> _Task directions_
From the material below, reproduce exactly the stretch of lines that begins with the line holding "Step into a" and ends with the line holding "Кабинеты имеют нестандартные", skipping the pictures.

> _Excerpted data_
┌────────

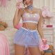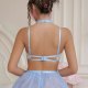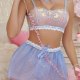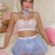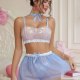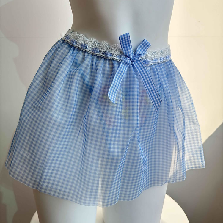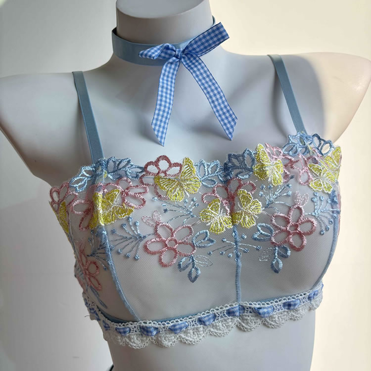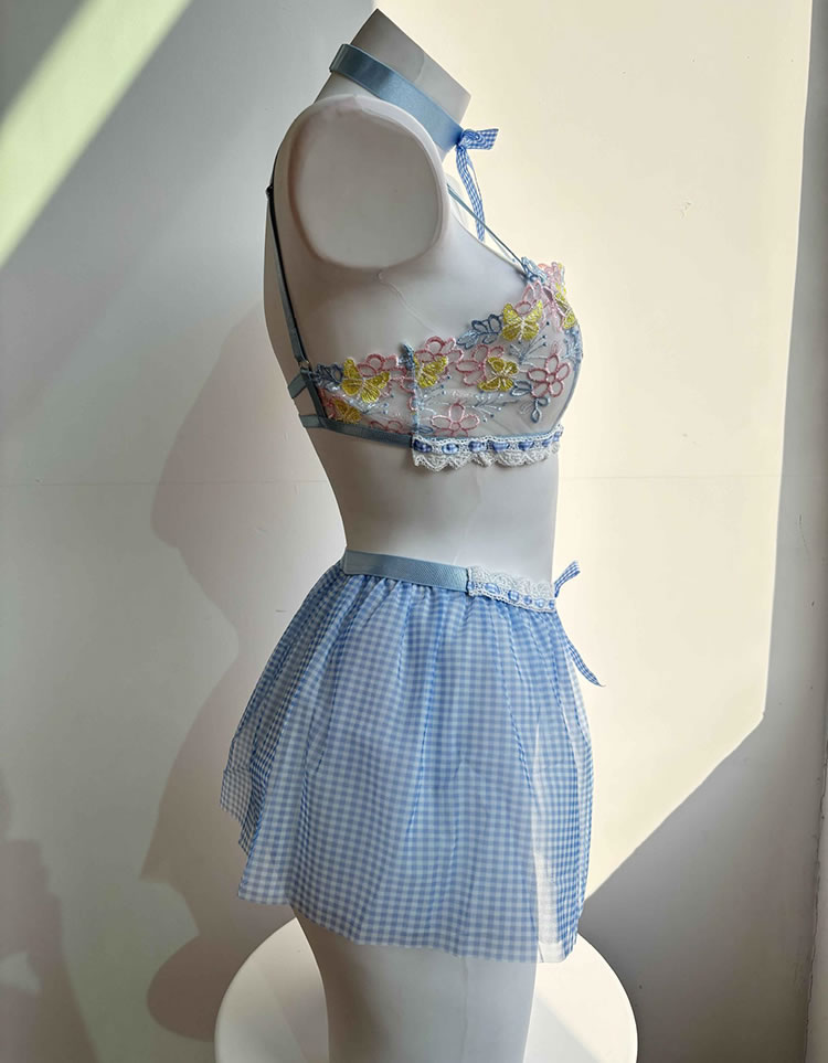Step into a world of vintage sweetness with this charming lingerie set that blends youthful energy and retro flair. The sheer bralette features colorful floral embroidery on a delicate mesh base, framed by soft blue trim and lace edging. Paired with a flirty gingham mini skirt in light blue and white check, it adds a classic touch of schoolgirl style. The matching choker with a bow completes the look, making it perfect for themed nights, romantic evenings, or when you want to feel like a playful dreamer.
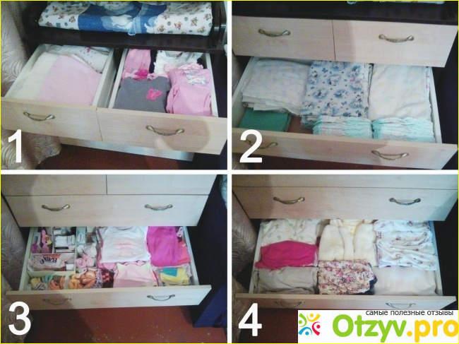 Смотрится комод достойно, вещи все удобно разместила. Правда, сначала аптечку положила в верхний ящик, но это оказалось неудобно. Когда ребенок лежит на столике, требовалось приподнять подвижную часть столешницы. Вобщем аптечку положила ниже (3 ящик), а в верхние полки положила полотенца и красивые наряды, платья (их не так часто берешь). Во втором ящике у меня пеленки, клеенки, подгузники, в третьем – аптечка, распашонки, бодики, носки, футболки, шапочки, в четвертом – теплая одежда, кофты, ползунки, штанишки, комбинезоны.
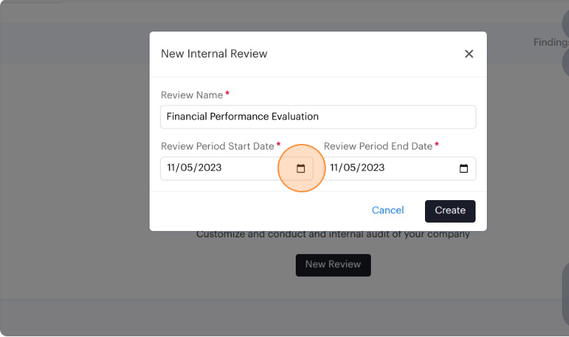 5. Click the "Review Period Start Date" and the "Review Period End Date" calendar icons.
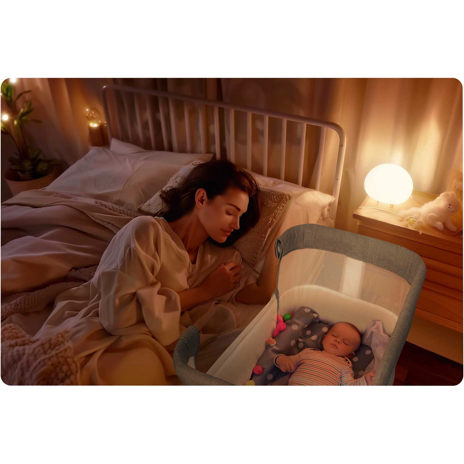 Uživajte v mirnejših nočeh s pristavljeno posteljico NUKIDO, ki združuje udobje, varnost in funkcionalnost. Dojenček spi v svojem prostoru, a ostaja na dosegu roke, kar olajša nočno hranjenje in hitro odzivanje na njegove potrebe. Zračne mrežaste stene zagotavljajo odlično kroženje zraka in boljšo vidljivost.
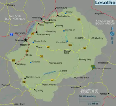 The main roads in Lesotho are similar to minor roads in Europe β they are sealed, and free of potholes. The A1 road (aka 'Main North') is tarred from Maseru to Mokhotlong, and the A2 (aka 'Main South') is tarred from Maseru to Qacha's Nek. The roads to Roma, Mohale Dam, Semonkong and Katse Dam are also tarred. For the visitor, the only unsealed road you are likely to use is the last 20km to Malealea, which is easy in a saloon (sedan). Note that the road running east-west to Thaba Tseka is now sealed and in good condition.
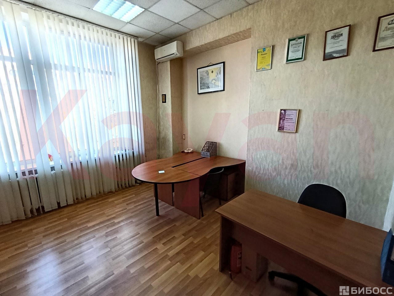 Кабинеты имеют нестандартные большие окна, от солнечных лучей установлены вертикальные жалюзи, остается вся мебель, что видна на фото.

└────────
┌────────

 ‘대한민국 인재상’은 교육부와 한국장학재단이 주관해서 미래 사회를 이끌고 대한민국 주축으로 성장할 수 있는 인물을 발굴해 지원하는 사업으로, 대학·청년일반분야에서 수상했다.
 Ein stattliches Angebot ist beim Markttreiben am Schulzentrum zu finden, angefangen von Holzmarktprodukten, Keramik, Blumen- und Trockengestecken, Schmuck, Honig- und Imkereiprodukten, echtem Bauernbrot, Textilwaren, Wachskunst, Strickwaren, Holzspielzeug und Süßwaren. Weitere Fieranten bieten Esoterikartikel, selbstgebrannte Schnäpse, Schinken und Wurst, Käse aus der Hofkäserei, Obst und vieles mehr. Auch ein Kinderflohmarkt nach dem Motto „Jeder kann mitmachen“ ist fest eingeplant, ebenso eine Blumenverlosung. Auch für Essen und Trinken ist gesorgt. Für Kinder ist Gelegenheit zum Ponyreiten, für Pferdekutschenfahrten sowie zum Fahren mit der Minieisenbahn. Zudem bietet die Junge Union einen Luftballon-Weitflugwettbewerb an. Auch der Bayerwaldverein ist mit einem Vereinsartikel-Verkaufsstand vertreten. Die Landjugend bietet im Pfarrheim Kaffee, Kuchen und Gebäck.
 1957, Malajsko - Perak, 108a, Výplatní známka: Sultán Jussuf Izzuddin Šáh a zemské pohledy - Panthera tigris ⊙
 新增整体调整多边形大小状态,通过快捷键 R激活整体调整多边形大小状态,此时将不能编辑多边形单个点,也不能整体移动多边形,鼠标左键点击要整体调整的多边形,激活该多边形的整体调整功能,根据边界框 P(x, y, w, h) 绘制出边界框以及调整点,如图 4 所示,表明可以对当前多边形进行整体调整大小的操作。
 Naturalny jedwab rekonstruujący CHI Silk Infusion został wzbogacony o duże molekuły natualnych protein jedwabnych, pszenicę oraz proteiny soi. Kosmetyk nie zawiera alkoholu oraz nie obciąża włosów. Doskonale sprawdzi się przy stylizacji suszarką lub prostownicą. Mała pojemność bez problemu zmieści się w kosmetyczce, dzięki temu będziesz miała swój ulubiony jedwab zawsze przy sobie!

└────────
┌────────

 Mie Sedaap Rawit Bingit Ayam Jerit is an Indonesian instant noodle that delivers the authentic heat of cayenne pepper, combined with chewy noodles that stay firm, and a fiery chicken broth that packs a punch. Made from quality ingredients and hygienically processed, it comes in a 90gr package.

└────────

> _Written answer_
Step into a world of vintage sweetness with this charming lingerie set that blends youthful energy and retro flair. The sheer bralette features colorful floral embroidery on a delicate mesh base, framed by soft blue trim and lace edging. Paired with a flirty gingham mini skirt in light blue and white check, it adds a classic touch of schoolgirl style. The matching choker with a bow completes the look, making it perfect for themed nights, romantic evenings, or when you want to feel like a playful dreamer.
 Смотрится комод достойно, вещи все удобно разместила. Правда, сначала аптечку положила в верхний ящик, но это оказалось неудобно. Когда ребенок лежит на столике, требовалось приподнять подвижную часть столешницы. Вобщем аптечку положила ниже (3 ящик), а в верхние полки положила полотенца и красивые наряды, платья (их не так часто берешь). Во втором ящике у меня пеленки, клеенки, подгузники, в третьем – аптечка, распашонки, бодики, носки, футболки, шапочки, в четвертом – теплая одежда, кофты, ползунки, штанишки, комбинезоны.
 5. Click the "Review Period Start Date" and the "Review Period End Date" calendar icons.
 Uživajte v mirnejših nočeh s pristavljeno posteljico NUKIDO, ki združuje udobje, varnost in funkcionalnost. Dojenček spi v svojem prostoru, a ostaja na dosegu roke, kar olajša nočno hranjenje in hitro odzivanje na njegove potrebe. Zračne mrežaste stene zagotavljajo odlično kroženje zraka in boljšo vidljivost.
 The main roads in Lesotho are similar to minor roads in Europe β they are sealed, and free of potholes. The A1 road (aka 'Main North') is tarred from Maseru to Mokhotlong, and the A2 (aka 'Main South') is tarred from Maseru to Qacha's Nek. The roads to Roma, Mohale Dam, Semonkong and Katse Dam are also tarred. For the visitor, the only unsealed road you are likely to use is the last 20km to Malealea, which is easy in a saloon (sedan). Note that the road running east-west to Thaba Tseka is now sealed and in good condition.
 Кабинеты имеют нестандартные большие окна, от солнечных лучей установлены вертикальные жалюзи, остается вся мебель, что видна на фото.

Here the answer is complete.